NYPost reports that then David Hansell took the helm at the Administration for Children’s Services earlier this year, the city’s embattled child- welfare agency was still reeling from a string of high-profile deaths.
But Hansell said he wasn’t about to back down from the job, even as he acknowledged it’s “tough.”
“I like a challenge, and I feel we’ve come a long way the past [seven] months,” Hansell, 64, told The Post.
“I know there’s a feeling of greater stability. I think morale is improving, and I think people are feeling the tangible impact of the reforms that we have made.”
The pressure of being commissioner was enough for his predecessor, Gladys Carrión, to break down in tears last Halloween while being grilled at a City Council hearing about the broomstick-bludgeoning slaying of 6-year-old Zymere Perkins.
At the time, ACS was the subject of scathing reports by both the city’s Department of Investigation and the state’s Office of Children and Family Services. They detailed how poor training and other systemic failures at ACS led to its staff botching the abuse investigations.
Since taking over, Hansell has received praise from even some of the agency’s staunchest critics for strengthening ACS’s coordination with the NYPD on abuse cases, revitalizing the agency’s data-collecting ChildStat safety program and other key initiatives.
ACS has also addressed a longtime gripe that caseworkers are spread too thin — no small feat considering that the high-profile child deaths spurred a spike in abuse complaints.

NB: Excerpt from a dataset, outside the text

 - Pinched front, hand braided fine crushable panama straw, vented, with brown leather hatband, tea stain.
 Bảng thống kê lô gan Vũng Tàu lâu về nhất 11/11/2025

“One of the biggest concerns, certainly, when I came on board was our caseloads . . . and a major focus of mine has been reducing those caseloads to a manageable level, so our child-protective specialists can do their work in the most professional manner,” said Hansell, who previously worked in the public and private sector, most recently as managing director of global accounting and consulting giant KPMG.
ACS hired 620 extra caseworkers in the spring and will hire 575 more by the end of next June.
On September 24, 2017 — two days before Zymere Perkins’s death in Harlem — the average worker handled 9.2 cases. That number rose to 13.9 by the end of March, exceeding ACS’s own acceptable maximum of averaging 12 per worker. As of last week, the caseload average was down to 9.8.